Однажды кто-то заметил, что такая замечательная клетка стоит пустой. Артиста нашли под охапкой соломы. «Простите меня все, – прошептал голодающий артист, добавив в конце, вам совсем не надо преклоняться [перед моим искусством голодания]… Потому что я вынужден голодать, я не могу по-другому… потому что я не мог найти еды, которая была бы мне по вкусу. Если бы я нашел ее, поверьте мне, я бы не стал привлекать к себе никакого внимания, а ел бы в свое удовольствие, как вы и все остальные люди». После смерти голодающего артиста его клетку почистили и отдали дикому леопарду, чья блестящая шерсть, аппетит и скачки по клетке собирали толпы восхищенных зрителей[126]126
Ibid., p. 277.
[Закрыть].
«Искусство голодания» с незабываемой выразительностью передает одну из основных тем этой книги: за жаждой и аддиктивной потребностью в овациях, восторженных приветствиях, в славе и признании стоит бессознательный страх, означающий убежденность человека в утрате всякой надежды когда-либо получить необходимую для жизни подпитку извне. Подобные нагруженные стыдом бессознательные страхи укрепляют веру в то, что никто извне никогда не сможет заглянуть вовнутрь, а, следовательно, не может существовать то, что никто не может распознать. В итоге возникает невыразимо безысходная изоляция. Голодающий артист практиковал такую профессию, потому что не знал, что ему есть. Он преподносил это как искусство и представление, тщетно пытаясь удовлетвориться восхищением зрителей как заменителем питания, которого он не мог получить. Публика восхищалась его самообладанием, а он ощущал это как унизительное лишение, пустоту, изоляцию и беспомощность.
Стыд и страх публичных выступлений: стыдливый скрипач играет льву
Фантазии об исчезновении и невидимости, страх перед сценой и тревога публичных выступлений – все это уходит корнями в связанные со стыдом конфликты. Там, где существует тревога быть неправильно понятым, присутствуют также попытки придумать что-то, фантазировать, скрыть и использовать различные ухищрения. Следовательно, тревога по поводу предъявления себя и страх оказаться на виду влекут за собой попытки исправить неверное восприятие, что, в свою очередь, может вызвать еще большую тревогу, связанную с собственным обликом.
Например, подумайте над побочной сюжетной линией романа Луиджи Пиранделло «Записки Серафино Губбио, кинооператора, или Съемка». Главный герой, кинооператор, который, как мы понимаем, далее по ходу действия романа должен будет снимать льва, встречает пьяного скрипача, никогда не играющего на своей скрипке и всегда держащего ее завернутой в лохмотья. Когда же скрипача просят показать скрипку, то он вытаскивает ее из свертка и держит «со стыдом инвалида, демонстрирующего свою покалеченную конечность»[127]127
Pirandello (1926, p. 25ff).
[Закрыть]. Мы сразу же узнаем, что он относится к скрипке так, будто бы смертельно ее стыдится, как если бы она была покалеченной конечностью, чудовищным изъяном. Рассказчик истории о скрипаче, некий Симоне Пау, замечает стыд скрипача и говорит ему: «Убери свой инструмент. Я знаю, что тебе будет больно, если ты не спрячешь скрипку, пока я буду рассказывать».
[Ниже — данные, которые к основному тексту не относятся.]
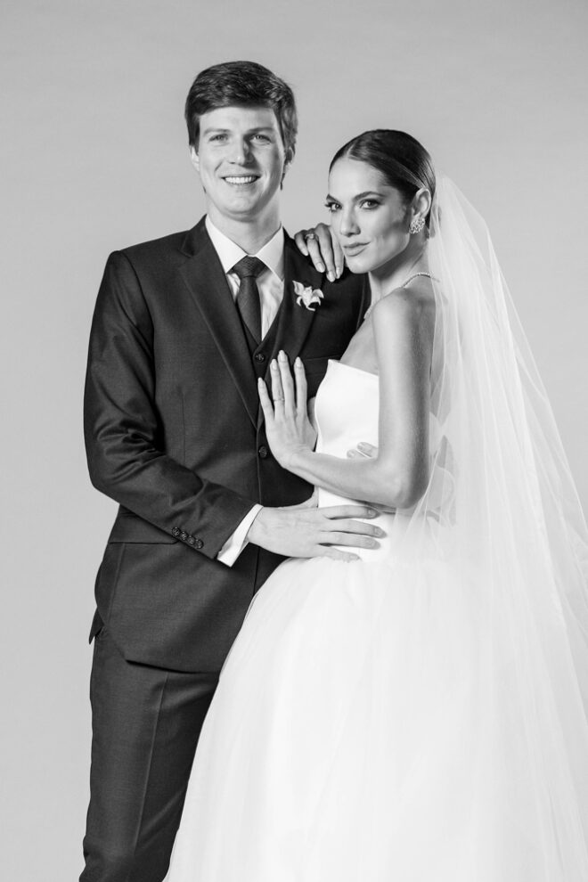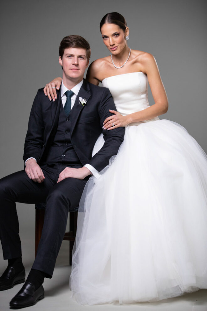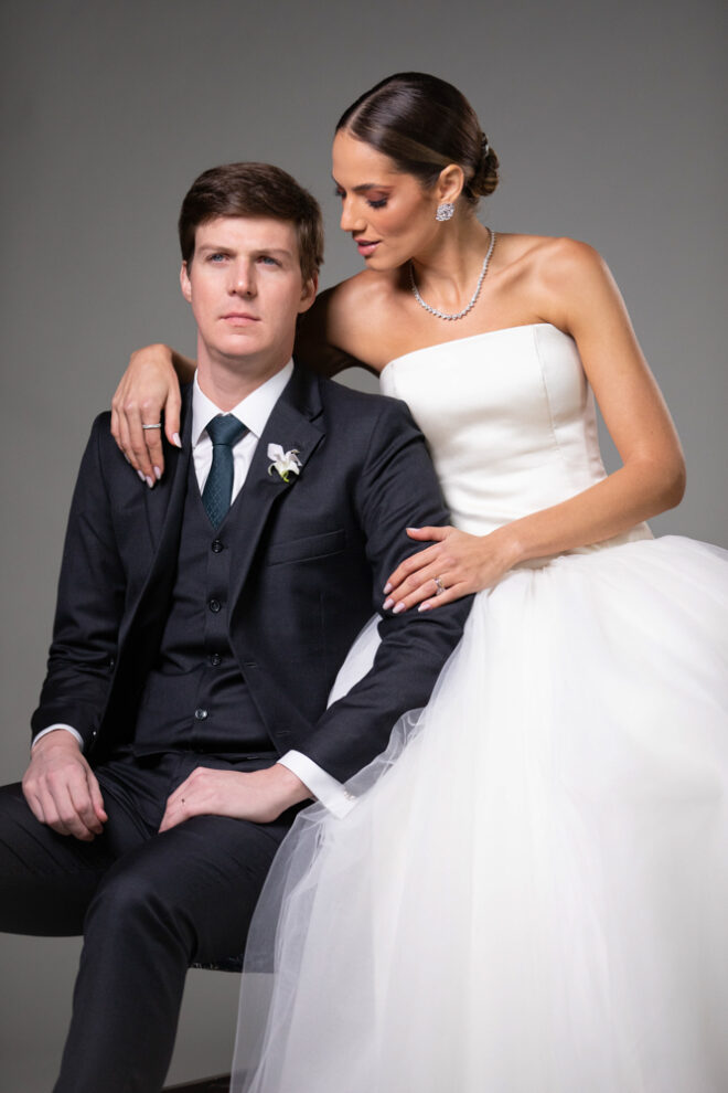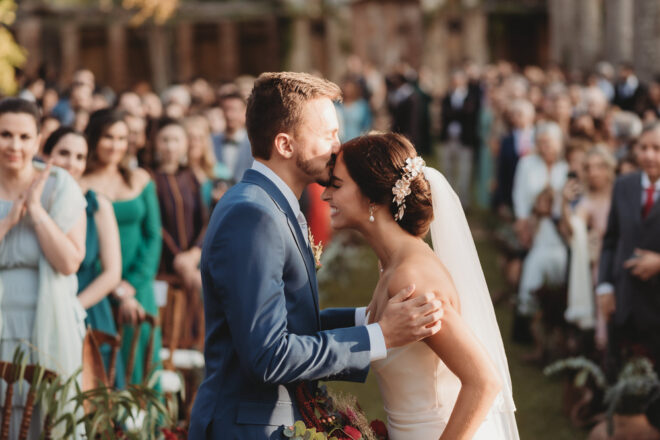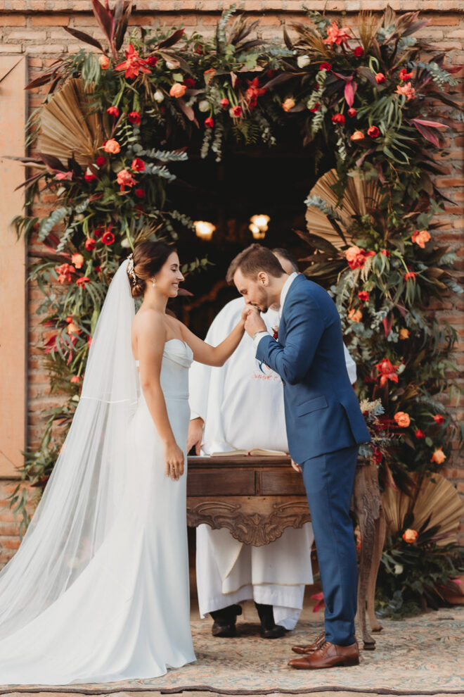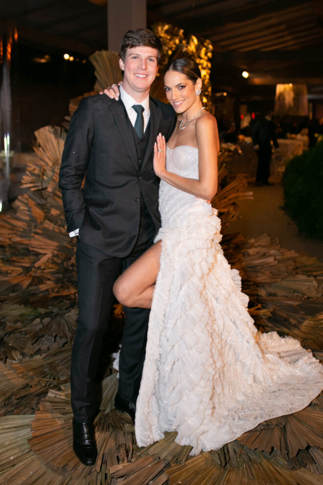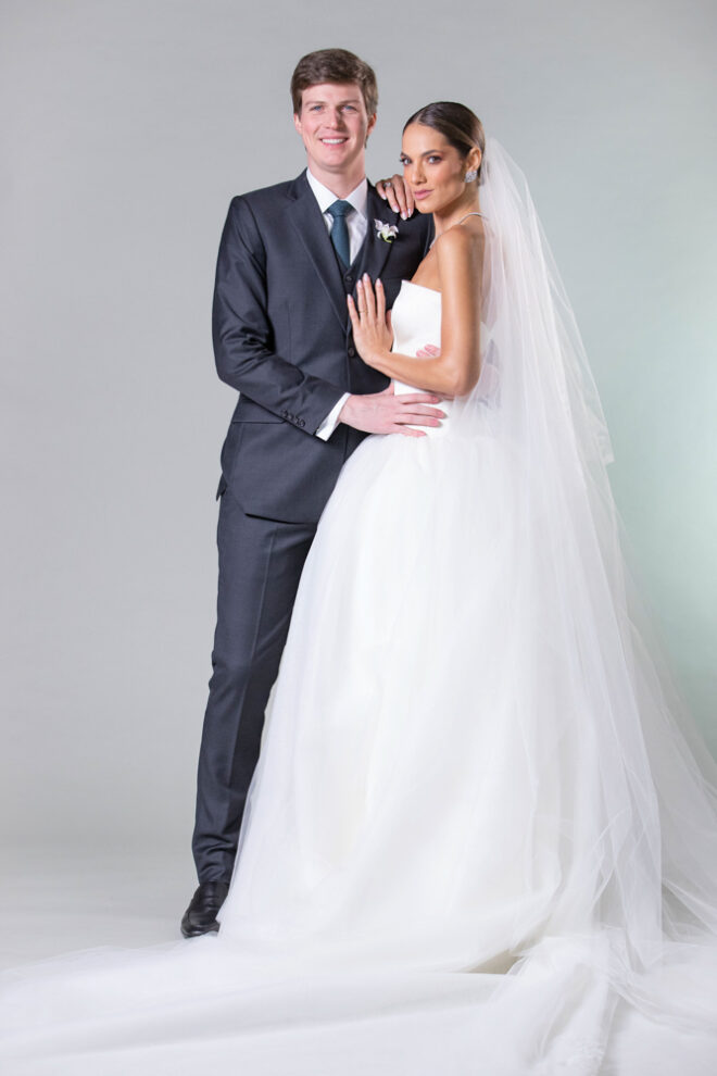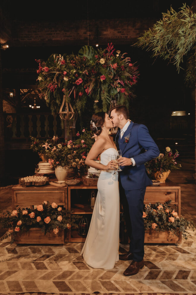 Nós nos conhecemos desde os 15 anos, o Kim foi meu primeiro namorado. Acabamos nos separando por 8 anos, mas o destino nos juntou de novo. Namoramos por 5 anos e o pedido de casamento foi feito em Zermatt em cima de uma montanha, no lugar que a gente mais ama, com neve, frio… e o casamento tão sonhado veio depois de tantas remarcações pela pandemia. Iamos casar no dia dos namorados ano passado, e este ano então decidimos manter a data e casar 11 junho, véspera do dia dos namorados, pois amamos frio e queríamos bem no inverno.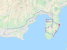 浜松からだと、13ヶ所を回る全行程は540kmにもなります。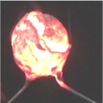b、暫態(tài)過電壓破壞,這是指較強(qiáng)的暫態(tài)過電壓使電阻體穿孔,導(dǎo)致更大的電流而高熱起火,整個(gè)過程在較短時(shí)間內(nèi)發(fā)生。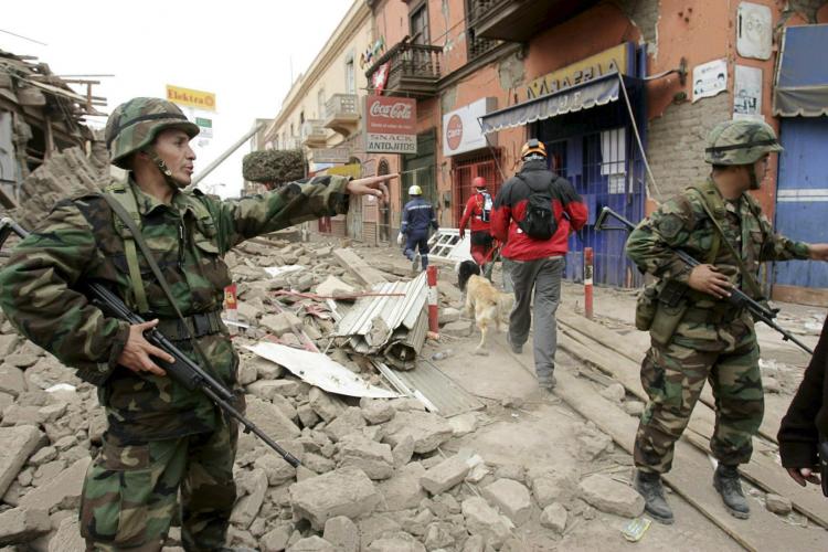 MAANDAG - Soldaten van het Peruaanse leger patrouilleren in Pisco, een van de steden die door een zware aardbeving werd getroffen. De militairen moeten de orde herstellen in onder andere Pisco, Ica en Chincha, waar plunderaars eerder konvooien met hulpgoederen aanvielen. - Foto's ANP, EPA, RD
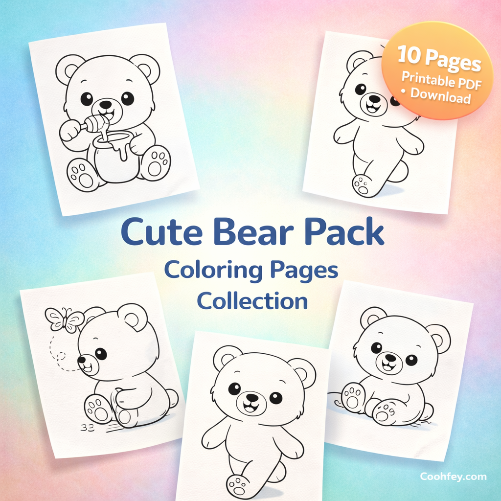 🧸 Cute Bear Pack – ภาพระบายสีหมีน้อยสำหรับเด็ก 3–6 ปี

Мы узнаем, что скрипач раньше играл только тогда, когда был пьян. И чем больше он напивался, тем больше он играл ко всеобщему удовольствию. Однако чем больше он играл, тем больше он пил и тем больше денег тратил. Так что после каждого из таких музыкальных вечеров он был вынужден закладывать свою скрипку, чтобы заплатить за выпивку. После чего ему приходилось работать, чтобы выкупить скрипку, и весь этот круг, состоящий из стыда, бессилия и поражения, повторялся снова и снова. Продолжалось это до тех пор, пока кто-то не предложил скрипачу откликнуться на объявление в газете, приглашающее на работу скрипача, чтобы аккомпанировать пианисту. Он пошел на прослушивание и там узнал, что аккомпанировать нужно будет механическому пианино. Скрипач был потрясен так, что не мог больше смотреть на свою скрипку, и стал прятать ее, заворачивая в кусок материи.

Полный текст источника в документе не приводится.